◆ Data shown
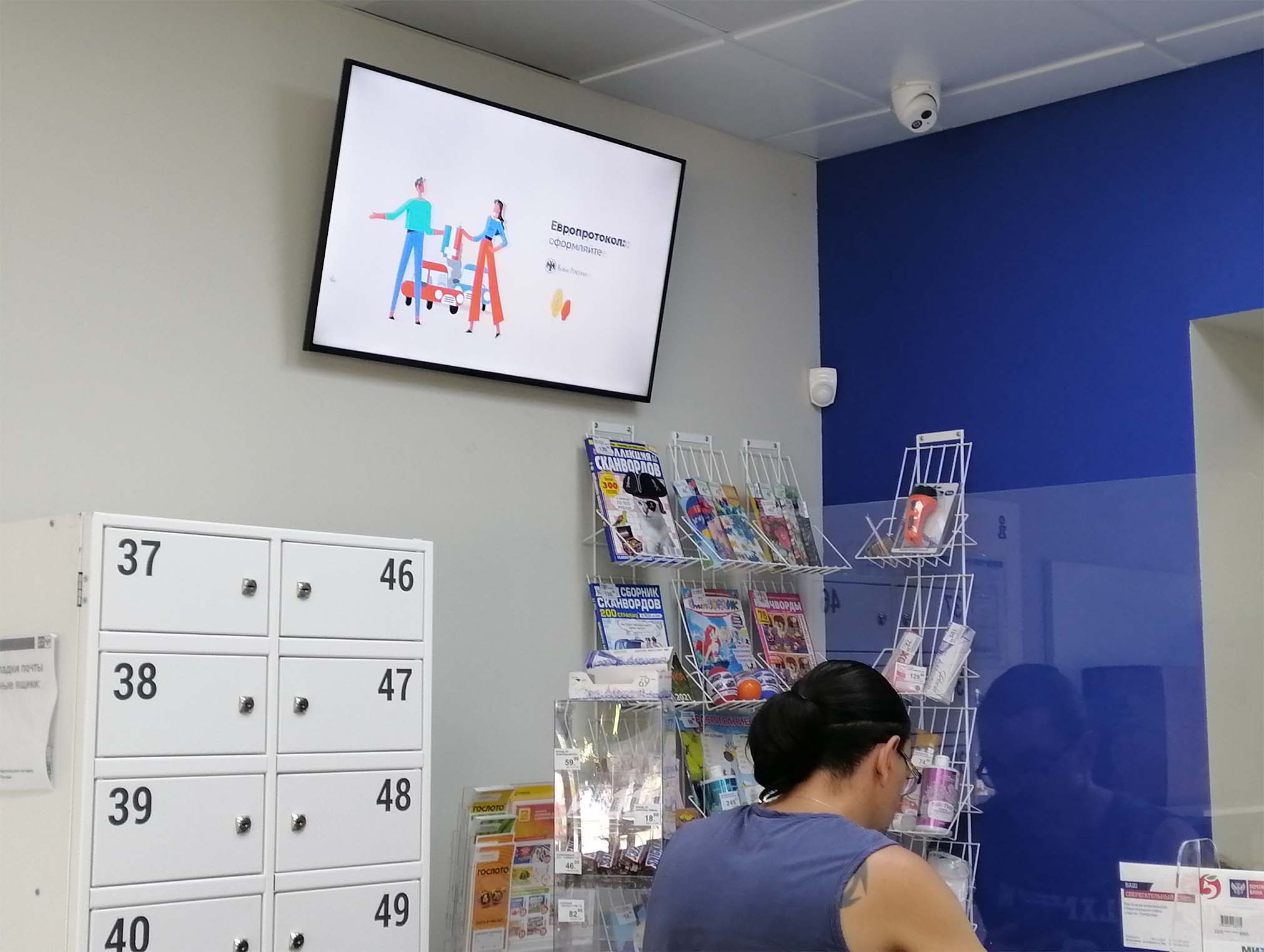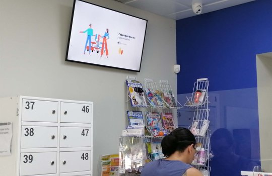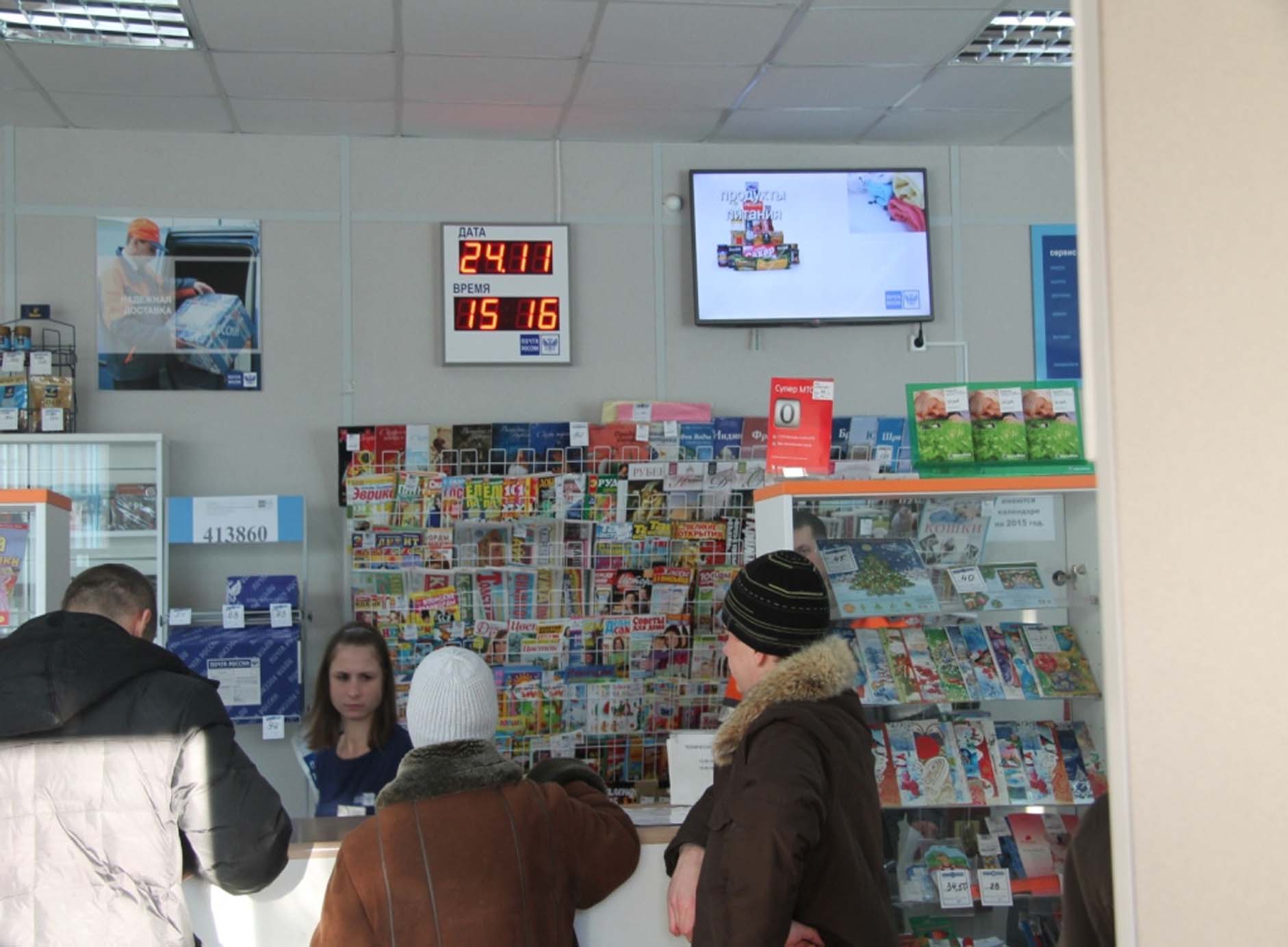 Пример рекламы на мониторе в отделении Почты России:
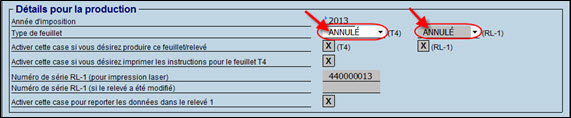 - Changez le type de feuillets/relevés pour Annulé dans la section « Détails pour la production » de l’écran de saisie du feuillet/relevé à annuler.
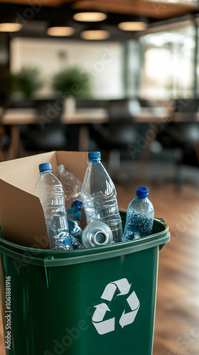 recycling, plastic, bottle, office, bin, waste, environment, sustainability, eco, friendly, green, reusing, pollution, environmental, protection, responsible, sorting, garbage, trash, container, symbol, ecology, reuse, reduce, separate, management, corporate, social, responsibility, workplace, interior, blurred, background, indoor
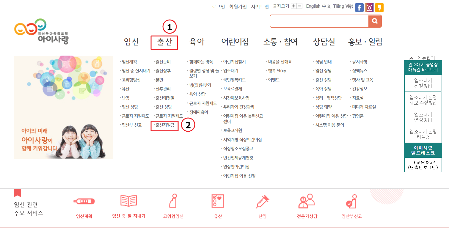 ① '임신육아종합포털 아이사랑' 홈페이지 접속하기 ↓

◆ Task instructions
Exactly as written, give again every line from the one containing "- Changez le" through the last line of the material, both included, with the pictures left out.

◆ Task response
 - Changez le type de feuillets/relevés pour Annulé dans la section « Détails pour la production » de l’écran de saisie du feuillet/relevé à annuler.
 recycling, plastic, bottle, office, bin, waste, environment, sustainability, eco, friendly, green, reusing, pollution, environmental, protection, responsible, sorting, garbage, trash, container, symbol, ecology, reuse, reduce, separate, management, corporate, social, responsibility, workplace, interior, blurred, background, indoor
 ① '임신육아종합포털 아이사랑' 홈페이지 접속하기 ↓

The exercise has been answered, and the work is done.